The bottom line: It’s necessary to wipe dry to wipe
clean.
New Lyocell Fibers for Nonwovens?
Nick Simpson of Tencel Ltd reviewed 10
years of lyocell development and summarised the attributes of the fiber across
the whole range of nonwoven products.
Wipes had proved to be the most successful nonwoven
end-use. Hydroentanglement and needling were the most used conversion
technologies. Nonwovens using lyocell were better than viscose nonwovens for
strength, especially wet strength, for aperturing clarity, softness (at
comparable strength), basis weight range in spunlacing, and low-linting. In
air-laying the low cohesion of the fiber gave good results, and in
needlepunching the ability to use a 1.7 dtex fiber led to softer products.
In response to questions, Mr Simpson said available
Tencel fiber types were restricted to between 1 and 3 denier, but any length
from 0.5mm upwards could be supplied. Prices could not be discussed, but it was
comparable with viscose and hence more expensive than polyester staple. Wicking
and water retention properties were similar to viscose. The dissolution process
did not degrade wood-pulp so fiber and pulp had similar degrees of
polymerisation.
Partially-Oriented Hollow Polyester for Nonwovens?

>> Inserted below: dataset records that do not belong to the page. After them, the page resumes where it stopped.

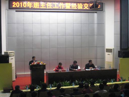 通信与控制工程系2009级通信工程三班班主任陈敢新、外语系2008级英语二班班主任谭艳辉、2009级公共事业管班班主任谭景林、美术系2010级艺术专业四班班主任李馥佐等4位同志就如何做好班主任工作在会上作了经验介绍。学工处处长刘铁峰总结了2010年班主任工作和全面部署了下一阶段班主任工作。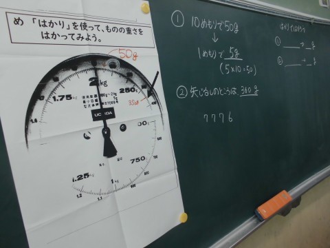 昨日はてんびんと,1gの代わりものをたくさん使って重さを数値化しましたが、今日ははかりを使いました。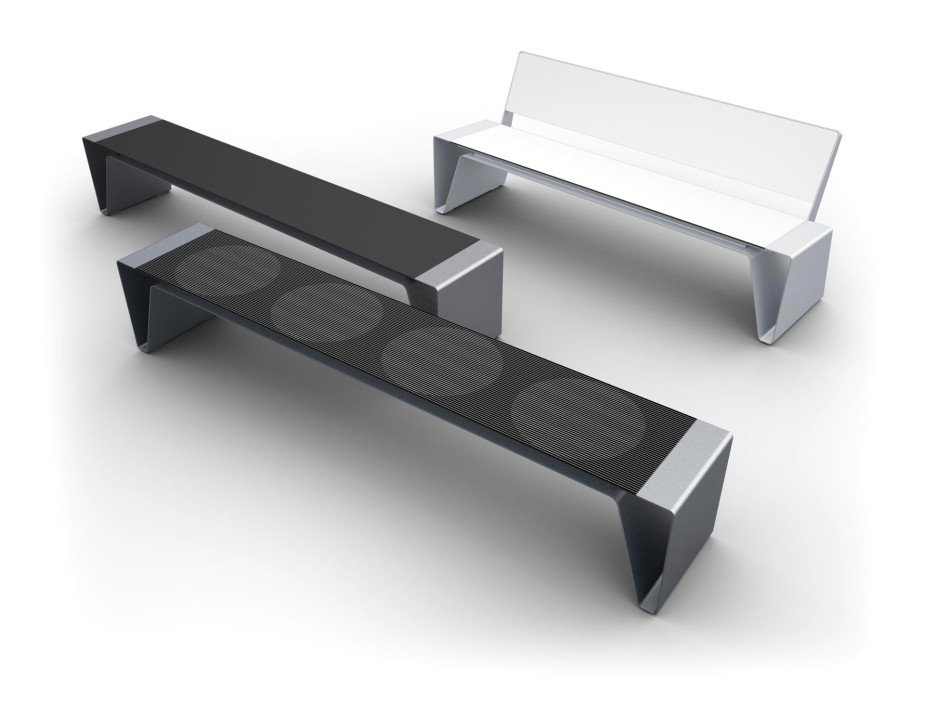 Designet på Radium-benkene er basert på estetikken fra linjene til elegant bøyde 5 mm tykke stålplater på vangene og rammene.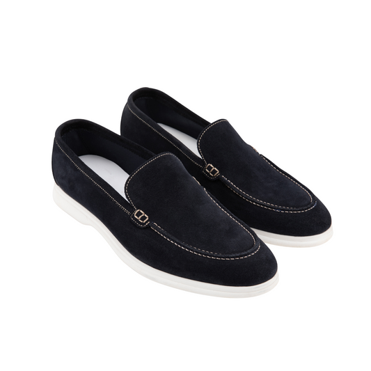 Santorini Sneaker in Grey Lux Suede & Navy Leather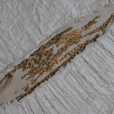 Esparto grass, jute rope, organic raffia, paper raffia and clay on organic linen canvas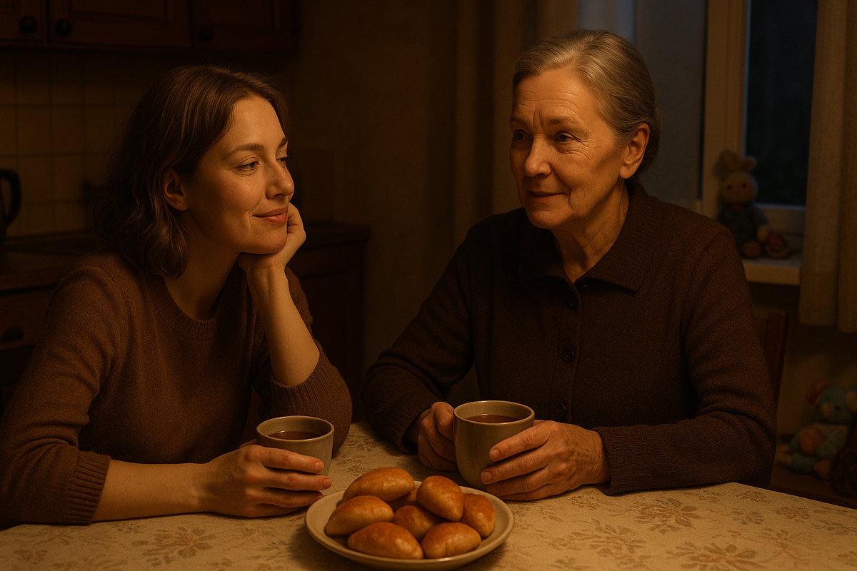 Юля впервые разрешила себе опереться на неё не только из‑за “традиции”, а потому, что вдруг почувствовала – СВОЙ человек. Не заблуждение и не спектакль про “идеальную семью”, а близость, выросшая из забот и разговоров, из супа, который не стыдно оставить на втором часу на плите, из тихих советов.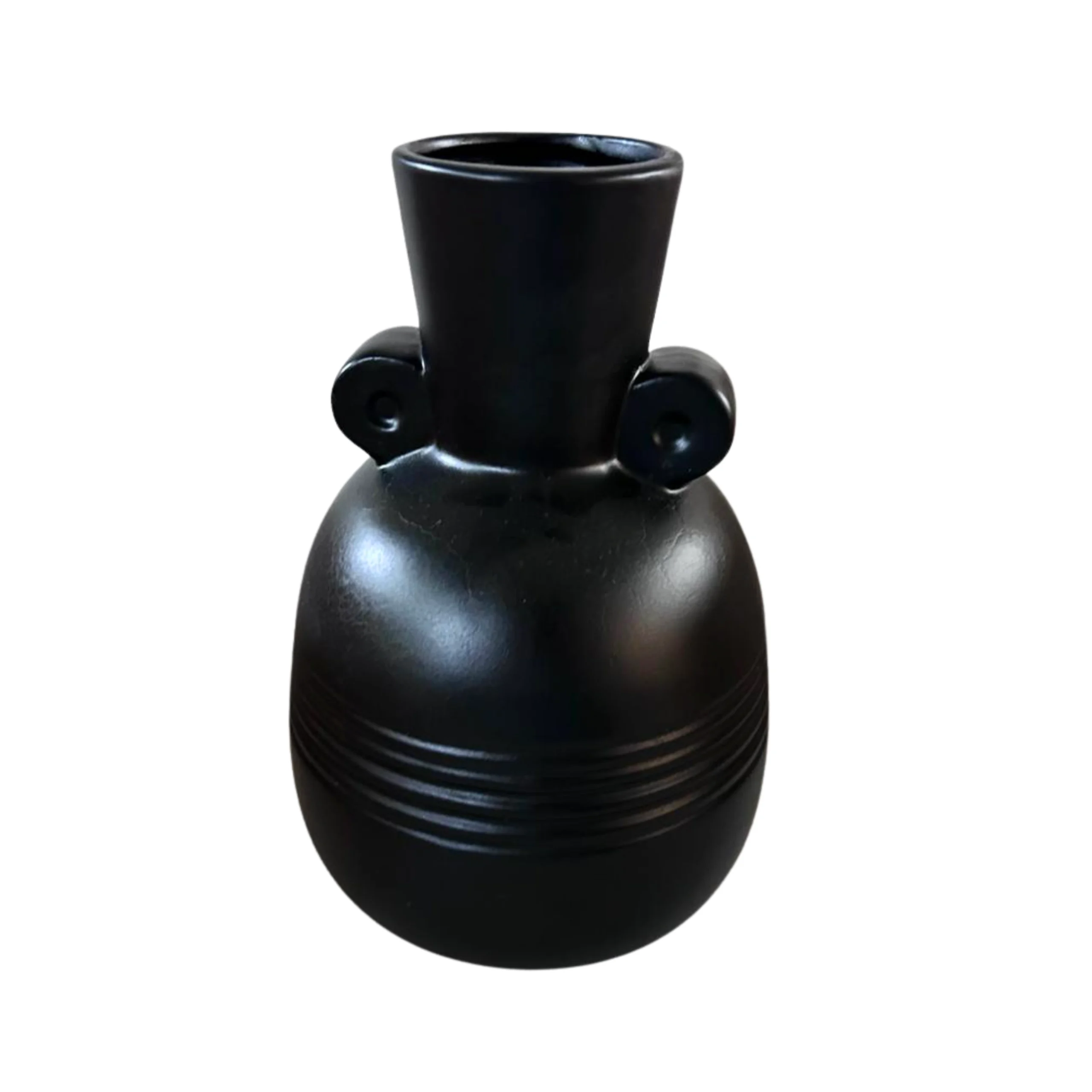 Florero de cerámica negra con diseño moderno y texturizado. Líneas suaves y asas curvas para un toque sofisticado.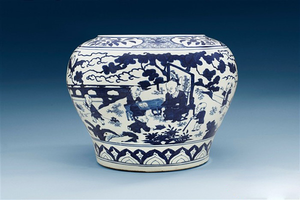 嘉靖朝器物虽制作较粗糙,但瓷器制作水平取得了不小成就。在这里必须要提及的是明嘉靖“大龙缸”,大龙缸是皇宫的专用品,一是用来养鱼观赏,二是放置在宫中盛水防火的。嘉靖朝大龙缸瓷质坚硬,胎体厚重,釉质肥厚,使用回青料绘画。由于龙缸器形巨大,制作技术复杂,烧制十分困难,当时有十窑九不成之说。明人王世懋《窥天外乘》载:“嘉靖间……上忽命烧大缸,围至六尺,所用土料青料既多,比入火,十无二三完好者,做是为虚费甚巨,而人莫教言”。到明万历时期已经烧制不出这种大龙缸,万历随葬的青花龙缸,也只好用他祖父嘉靖年间制造的了。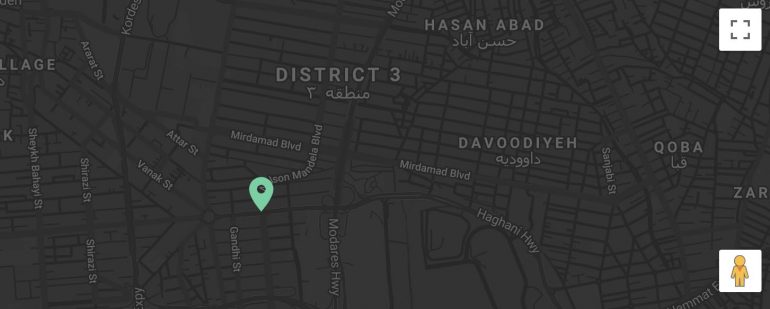آدرس دفتر مرکزی : تهران - خیابان آفریقا ، کوچه کمان ، پلاک 10 ، طبقه دوم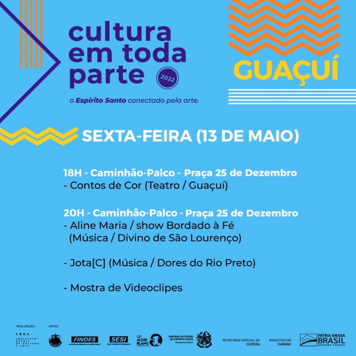 O Cultura em Toda Parte 2022 é uma idealização da Secretaria da Cultura do Espírito Santo e conta com a gestão e operacionalização do Instituto Brasil de Cultura e Arte – IBCA. Essa iniciativa também conta com apoio da Findes, do Sesi e da Prefeitura Municipal de Guaçuí.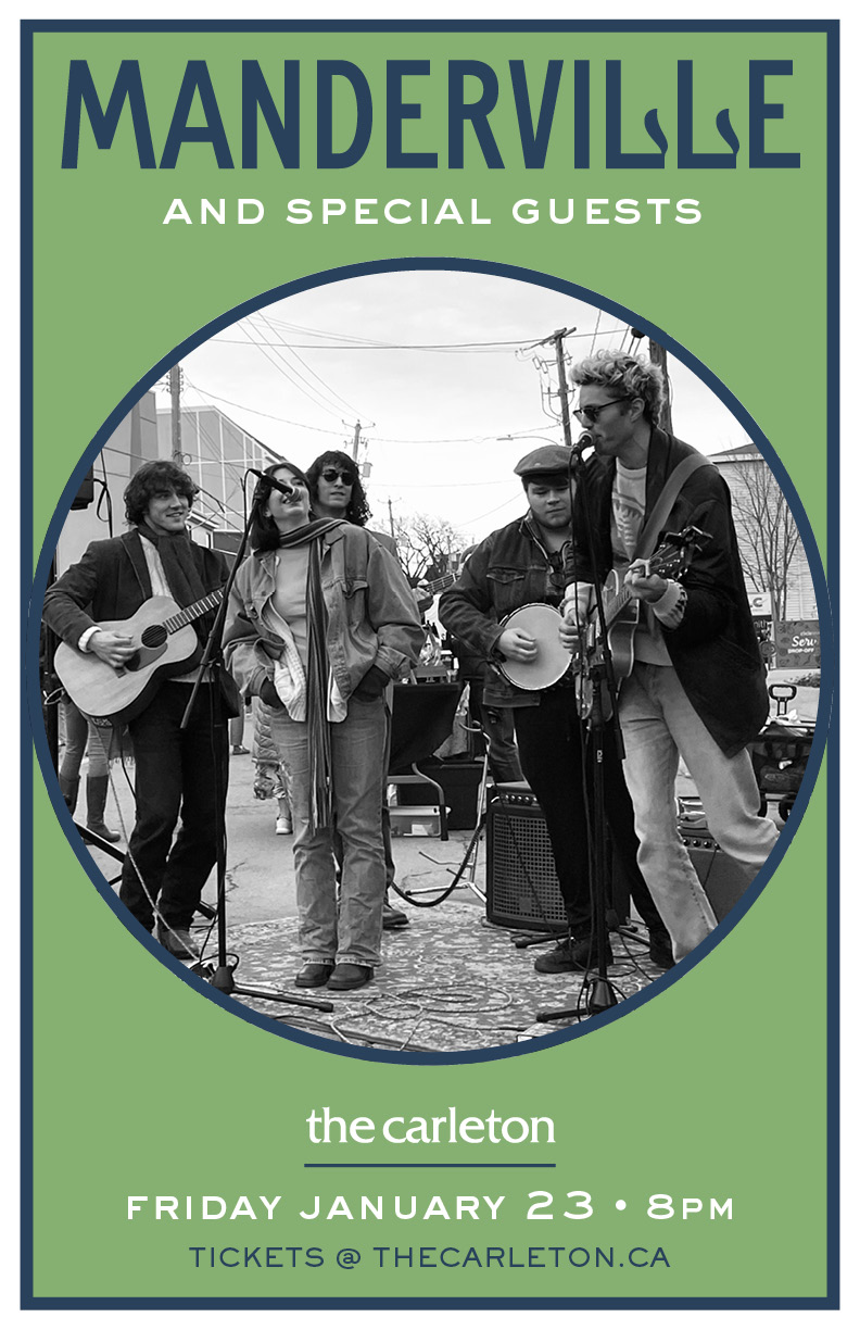 Hot young newcomers Manderville & special guests (TBA) make their Carleton début with a performance on Friday, January 23rd. Show time is 8 PM and admission is a paltry $10 + HST.

Ivo Edward Ruzek of Industrial
Consulting estimated that worldwide use of polyester in nonwovens was
now around 500,000 tonnes and felt that future growth needed a fiber specially
tailored to the needs of the nonwoven producers. The traditional cotton-type
fiber as sold to the nonwoven industry was no longer good enough:
So Mr Ruzek proposed a partially oriented fiber with a
strength of about 4.2 gpd and 65% extension made from PET with ethylene or
propylene glycol blocks to get better moisture management or with PLA to lower
the melting point. Furthermore, if it could be made with a hollow core, weight
and cost savings could follow while the hollow fiber would give improved
resilience.
Hollow Polypropylene Fibers
Diana Ortiz of the University of Oklahoma
gave Robert Shambaugh’s paper on producing PP fibers with 50%
hollowness, this being defined as (ID/OD) 2 where ID is the diameter of the
hole, and OD is the outside diameter of the fiber. In a low-speed, short-spin
(0.5 m threadline) spunbond process this could be achieved by injecting nitrogen
into the core of a bicomponent jet. The fiber spun with 0.5 g/min polymer per
hole at 1500m/min showed a 0.3 birefringence suggesting full orientation. Even
at 1g/min/hole full orientation appeared to be achieved at only 1900m/min spin
speed.
Questioners suggested that the birefringence
measurements were affected by the hollowness, and that the fiber was not really
fully oriented. Why did the hollow fiber have such a low tenacity and high
extension? Ms Ortiz said that both solid and hollow fiber made on their machine
had similar extensions, so the hollow result was not unusual. Why had nitrogen,
rather than air been used to fill the core? She agreed air could be used in
future.
Splitting Meltblown Bicomponents?
Yanbo Lui of TANDEC gave Christine
Sun’s paper. TANDEC made a 50/50 nylon/PP meltblown web and hydroentangled it.
The fibers broke up into shorter fibers without splitting. The main conclusion
was that basis weight reduces with increasing water pressure (due presumably to
fiber loss), and that the adhesion between the two polymers in the bicomponent
was too high.
Electrospun Biodegradable Nanofibers
Dr Gisela Buschle-Diller of Auburn
University defined nanofibers as fibers with a diameter below 0.5
microns. When electrospun such fibers are invisible and when spun onto a black
background it takes some time before the web begins to appear.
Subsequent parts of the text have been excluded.